Work item:
Keep the text of the data exactly as it is and omit each picture from the copy.
════
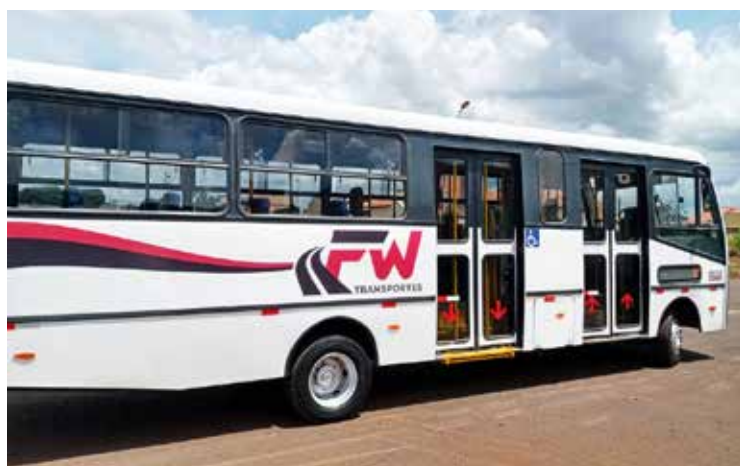
Operação inicia com dois micro-ônibus novos da FW Transportes
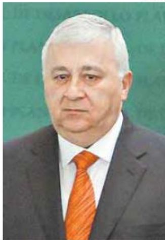
El secretario de Educación.

"Vamos a prohibir por ley las cuotas obligatorias; vamos a impedir que las cuotas sirvan para condicionar inscripción, igualdad en la recep-
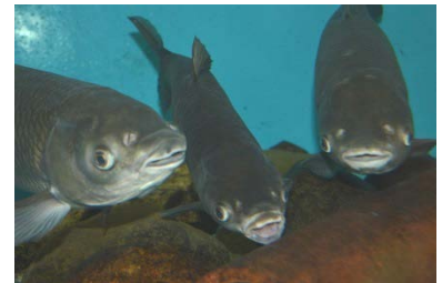
巨大な魚たちがお出むかえ。エサをねだっているのかな？

まずは、一番人気の1階から。ここは彩湖や荒川に生息する魚たちを展示しているミニ水族館です。1階はエサの時間に合わせた来館がお得！大水槽の魚たちが一斉にエサを食べる様子は迫力満点です。カメの散歩（不定期）に出会ったらラッキー。カメとふれ合うチャンスです。勇気を出して触ってみましょう。給餌は2日に一回午前10時ころから（行事の都合で変わる場合もあります）です。
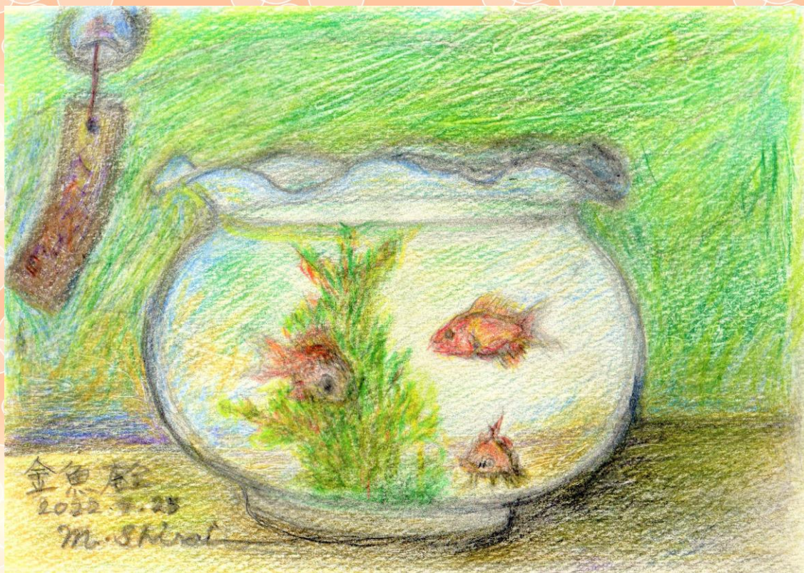
特養 白井 正敏 様の作品「金魚鉢」

住所 東京都武蔵村山市伊奈平6丁目14番の2 電話 042-560-3916 URL http://www.inadairaen.com mail info@inadairaen.com 編集・発行 社会福祉法人村山福祉会 編集係
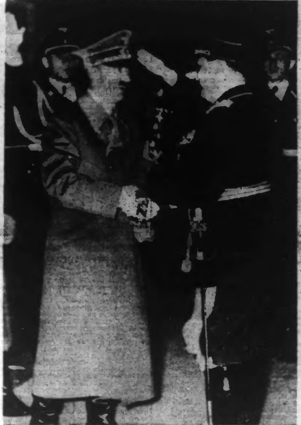
Le Chancelier HITLER s'entretenant avec le Maréchal GOERING.

de longs commentaires dans ce sens. Dans le « Volkischer Beobachter », le docteur Wilhelm Frick, ministre de l'Intérieur, déclare que « Adolf Hitler ne se laisse pas dicter par d'autres le moment où il a l'intention de prendre des décisions historiques. Il souligne qu'aujourd'hui, après la création du grand Reich, il convient d'assurer les fruits de la victoire. » Le « Lokal Anzeiger » écrit : « L'Allemagne est ressuscitée sous son Führer et aucune puissance au monde ne pourra arrêter la volonté du peuple de quatre-vingt millions d'hommes unis sous Adolf Hitler. » Le « Berliner Tageblatt » déclare : « 1939 ne sera pas seulement consacré à conserver les conquêtes. On verra aussi à compléter intérioritément l'œuvre de l'union allemande en effaçant peu à peu les cicatrices des séparations historiques. »
════
Solution to the problem:
Operação inicia com dois micro-ônibus novos da FW Transportes
El secretario de Educación.

"Vamos a prohibir por ley las cuotas obligatorias; vamos a impedir que las cuotas sirvan para condicionar inscripción, igualdad en la recep-
巨大な魚たちがお出むかえ。エサをねだっているのかな？

まずは、一番人気の1階から。ここは彩湖や荒川に生息する魚たちを展示しているミニ水族館です。1階はエサの時間に合わせた来館がお得！大水槽の魚たちが一斉にエサを食べる様子は迫力満点です。カメの散歩（不定期）に出会ったらラッキー。カメとふれ合うチャンスです。勇気を出して触ってみましょう。給餌は2日に一回午前10時ころから（行事の都合で変わる場合もあります）です。
特養 白井 正敏 様の作品「金魚鉢」

住所 東京都武蔵村山市伊奈平6丁目14番の2 電話 042-560-3916 URL http://www.inadairaen.com mail info@inadairaen.com 編集・発行 社会福祉法人村山福祉会 編集係
Le Chancelier HITLER s'entretenant avec le Maréchal GOERING.

de longs commentaires dans ce sens. Dans le « Volkischer Beobachter », le docteur Wilhelm Frick, ministre de l'Intérieur, déclare que « Adolf Hitler ne se laisse pas dicter par d'autres le moment où il a l'intention de prendre des décisions historiques. Il souligne qu'aujourd'hui, après la création du grand Reich, il convient d'assurer les fruits de la victoire. » Le « Lokal Anzeiger » écrit : « L'Allemagne est ressuscitée sous son Führer et aucune puissance au monde ne pourra arrêter la volonté du peuple de quatre-vingt millions d'hommes unis sous Adolf Hitler. » Le « Berliner Tageblatt » déclare : « 1939 ne sera pas seulement consacré à conserver les conquêtes. On verra aussi à compléter intérioritément l'œuvre de l'union allemande en effaçant peu à peu les cicatrices des séparations historiques. »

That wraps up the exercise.